Background information
- Origin: Boston, Massachusetts
- Genres: Pop-soul; indie pop; folk rock; alt-jazz;
- Years active: 2004–present
- Labels: Signature Sounds Nonesuch; Fantasy;
- Members: Rachael Price Bridget Kearney Mike Calabrese Akie Bermiss James Cornelison
- Past members: Mike "McDuck" Olson
- Website: Official site

= Lake Street Dive =

American band founded in 2004 in Boston, Massachusetts

Lake Street Dive is an American multi-genre band that was formed in 2004 at the New England Conservatory of Music in Boston. The band's founding members are Rachael Price, Mike "McDuck" Olson, Bridget Kearney, and Mike Calabrese. Keyboardist Akie Bermiss joined the band on tour in 2017 and was first credited on their 2018 album Free Yourself Up; guitarist James Cornelison joined in 2021 after Olson left the band. The band is based in Brooklyn and frequently tours in North America, Australia, and Europe.

==Early history==
The group was formed in 2004 as a "free country band"; they intended to play country music in an improvised, avant-garde style. This concept was abandoned in favor of something that "actually sounded good", according to Mike Olson. The band's name was inspired by the Bryant Lake Bowl, a frequent hang out in the band's early years, located on Lake Street in Minneapolis.

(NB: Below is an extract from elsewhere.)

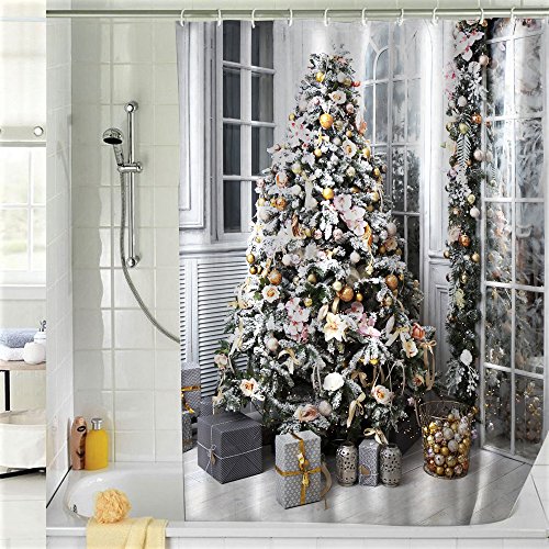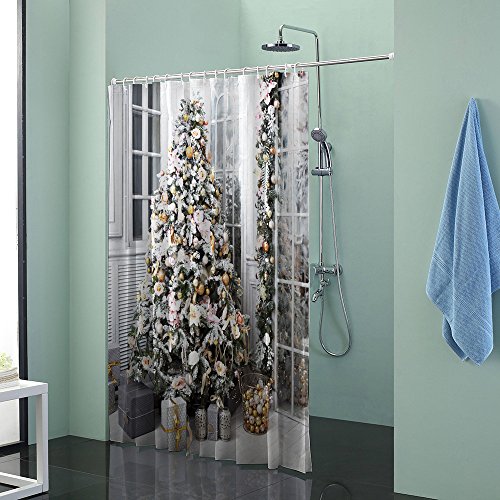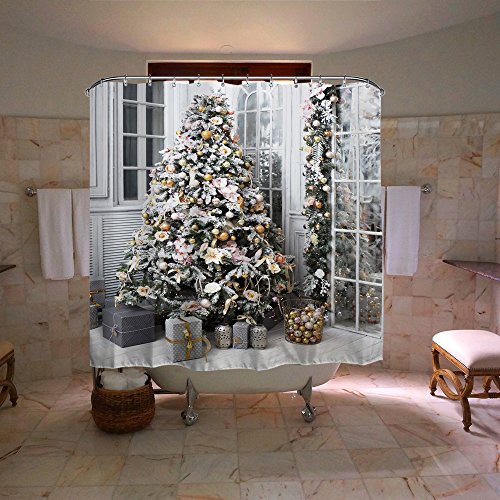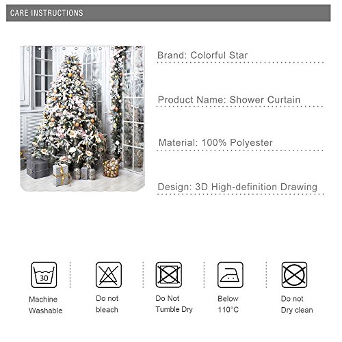 Colorful Star Gift-laden Christmas Tree Design Shower Curtain ,Waterproof&Antibacterial&Eco-Friendly made of 100% Polyester Fabric ,Non Toxic, Odor Free, Rust Proof Grommets 72"x72"

In 2005, band member Bridget Kearney won the Jazz Category of the John Lennon Songwriting Contest with the band's performance of her song "Sometimes When I'm Drunk and You're Wearing My Favorite Shirt." Using their prize ($1,000 cash and 1,000 CDs produced by Disc Makers) Lake Street Dive released their debut album In This Episode... in 2006. The band released their next album Promises, Promises in 2008. The full-length concert film and live album Live at the Lizard Lounge was recorded in 2010 and released in 2011. Initially, the band caught visibility by posting a funked-up viral video cover of The Jackson 5's I Want You Back.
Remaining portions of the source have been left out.